WIOG
- Bay City, Michigan; United States;
- Broadcast area: Bay City–Saginaw–Midland–Flint
- Frequency: 102.5 MHz
- Branding: 102.5 WIOG

Programming
- Format: Contemporary hit radio
- Affiliations: Westwood One

Ownership
- Owner: Cumulus Media; (Radio License Holding CBC, LLC);
- Sister stations: WHNN, WILZ, WKQZ

History
- First air date: November 12, 1961 (at 102.5 MHz); February 18, 1969 (intellectual property, at 106.3 MHz);
- Former call signs: WSBM (1969–1975 at 106.3); WNEM-FM (1961–1969 at 102.5); WGER (1969–1986 at 102.5);
- Former frequencies: 106.3 MHz (1969–1986)
- Call sign meaning: 106 (original dial position)

Technical information
- Licensing authority: FCC
- Facility ID: 22675
- Class: B
- Power: 86,000 watts
- HAAT: 244 meters (801 ft)
- Transmitter coordinates: 43°28′24″N 83°50′40″W﻿ / ﻿43.47333°N 83.84444°W

Links
- Public license information: Public file; LMS;
- Webcast: Listen live
- Website: wiog.com

= WIOG =

WIOG (102.5 FM) is a commercial FM radio station airing a top 40 (CHR) format.
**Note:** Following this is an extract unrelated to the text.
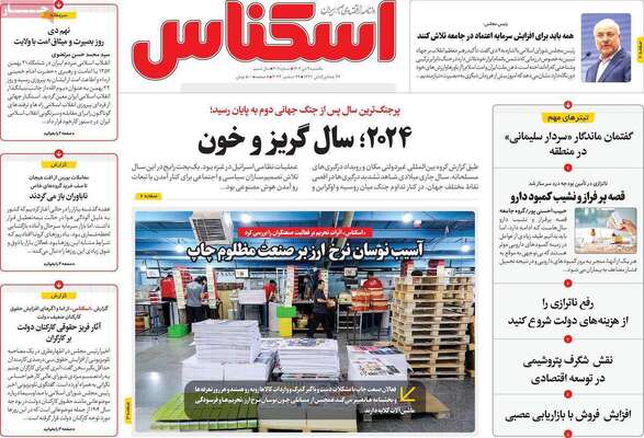 صفحه نخست روزنامههای یکشنبه ۹ دی ۱۴۰۳ را که به تلاش کاسبان فیلترینگ، به آتش کشیدن بیمارستانی در غزه، کریسمس در ایران و مهمترین رویدادهای ورزشی پرداختهاند؛ در ادامه مشاهده میکنید.

It is licensed to Bay City, Michigan, and serves the Greater Tri-Cities area, including Saginaw and Midland as well as Flint. It is owned by Cumulus Media with studios on Champagne Drive South in Saginaw.
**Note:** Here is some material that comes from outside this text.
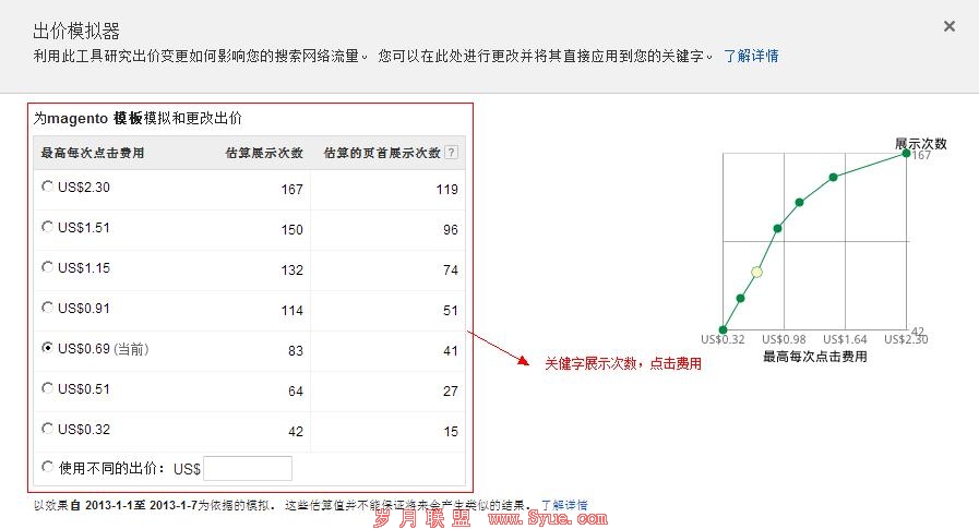 最后,希望百度在调价功能上也能像谷歌一样,对每个关健字的价格趋势,流量趋势给予更合理的建议,每调一个关健字,要运用两款工具是非常复杂和繁琐的。下面是谷歌在调价方面的功能介绍!

WIOG is a Class B station. But it is grandfathered at a higher power than would be permitted today. It has an effective radiated power (ERP) of 86,000 watts. (50,000 watts is the current maximum for Class B stations.) The transmitter tower is on Becker Road in Buena Vista Charter Township. It's signal currently reaches as far west as Montcalm County, Michigan, as far east as Lake Huron, as far North as West Branch, Michigan and as far south as Oakland County, Michigan

==History==
===WIOG and WGER===
WIOG began broadcasting on February 18, 1969, as WSBM, 106.3 MHz, originally licensed to Saginaw. The radio station was owned by Booth American On October 1, 1975, the call sign became WIOG (those call letters resembled the number "106," its dial position). The format shifted to album oriented rock (AOR). In 1980, with the addition of some disco and pop records to its AOR playlist, WIOG moved to a Top 40 format. It eventually took on the name "Hits 106" and became one of the most popular radio stations in the market.

The 102.5 frequency was originally home to WNEM-FM (later WGER), which was one of the pioneers of FM stereo broadcasting in Michigan. With its big signal, WGER was one of the most successful beautiful music stations in Michigan. It played quarter-hour sweeps of mostly soft instrumental music, cover versions of popular adult hits, Broadway and Hollywood show tunes. As late as 1985, when it was using TM Programming's beautiful music package, the station was posting #1 ratings among adult 25-54 listeners in the Saginaw and Flint markets, according to TM promotional literature of the time.

===Top 40===
After the owner of WIOG bought WGER, then sold the old station at 106.3, WIOG and WGER switched call signs in September 1986. WGER moved its easy listening music to the lower powered 106.3 and WIOG's Top 40-CHR format was placed on 102.5. The move paid off, as WIOG quickly became a powerhouse in mid-Michigan broadcasting. In the fall of 1986, during an economic rescission, the radio station ran a new promotion known as "Free Money". It was a chance to win $1,000 to $10,000 every hour. This helped the station meet an Arbitron rating of 30.3%.

WIOG got strong competition in the early 1990s from 100.5 WTCF "The Fox", which soon surpassed WIOG as the dominant CHR station. Due to the competition and to a desire to appeal to more adult listeners, WIOG shifted to a Hot Adult Contemporary sound in May 1992. WTCF's departure from the CHR format in 1999, however, left the door open for WIOG to move back to CHR, which it did that July.

Today WIOG remains one of the most popular stations in the Tri-Cities market. However, its showing in the Flint market is more modest due to competition from CHR WWCK-FM, rhythmic WRCL and active rocker WWBN.

Notable DJs at WIOG at the time include Dean Myers, Scott "Shannon" Seipel (not to be confused with Scott Shannon), Renee Andrews, Bob Hughes, Jim Alexander, Rick Donahue, Keith Michaels, Steve Kelly, Wack and Tim Murphy. Rick Belcher was the Program Director at the time of WIOG's rating's domination.